== Task ==
Beneath this instruction is a listing; print exactly the lines in it starting at the line that contains "Prada Downtown High-heeled" and going through the line that contains "Presiden Joko Widodo (kiri)".
*** Listed entries
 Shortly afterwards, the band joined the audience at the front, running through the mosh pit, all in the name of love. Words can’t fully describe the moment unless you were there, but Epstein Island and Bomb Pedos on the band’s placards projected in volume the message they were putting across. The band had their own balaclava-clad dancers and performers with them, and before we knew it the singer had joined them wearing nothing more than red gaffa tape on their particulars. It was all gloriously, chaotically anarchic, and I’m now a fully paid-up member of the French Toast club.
******
*** Listed entries
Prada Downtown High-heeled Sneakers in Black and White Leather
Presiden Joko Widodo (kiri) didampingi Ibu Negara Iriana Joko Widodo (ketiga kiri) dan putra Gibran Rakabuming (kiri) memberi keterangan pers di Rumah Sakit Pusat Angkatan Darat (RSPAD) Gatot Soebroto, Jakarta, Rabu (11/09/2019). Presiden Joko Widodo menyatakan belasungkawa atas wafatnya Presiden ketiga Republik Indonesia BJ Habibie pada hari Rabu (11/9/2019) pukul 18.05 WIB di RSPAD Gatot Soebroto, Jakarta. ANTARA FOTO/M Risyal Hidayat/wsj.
******
*** Listed entries
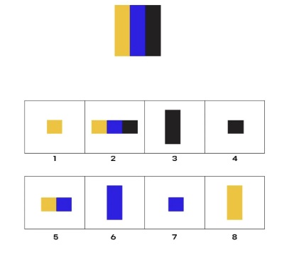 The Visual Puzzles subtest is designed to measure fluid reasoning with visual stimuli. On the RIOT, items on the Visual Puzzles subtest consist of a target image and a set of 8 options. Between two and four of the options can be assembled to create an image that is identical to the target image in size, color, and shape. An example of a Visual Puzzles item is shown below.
******
== Solved exercise ==
Prada Downtown High-heeled Sneakers in Black and White Leather
Presiden Joko Widodo (kiri) didampingi Ibu Negara Iriana Joko Widodo (ketiga kiri) dan putra Gibran Rakabuming (kiri) memberi keterangan pers di Rumah Sakit Pusat Angkatan Darat (RSPAD) Gatot Soebroto, Jakarta, Rabu (11/09/2019). Presiden Joko Widodo menyatakan belasungkawa atas wafatnya Presiden ketiga Republik Indonesia BJ Habibie pada hari Rabu (11/9/2019) pukul 18.05 WIB di RSPAD Gatot Soebroto, Jakarta. ANTARA FOTO/M Risyal Hidayat/wsj.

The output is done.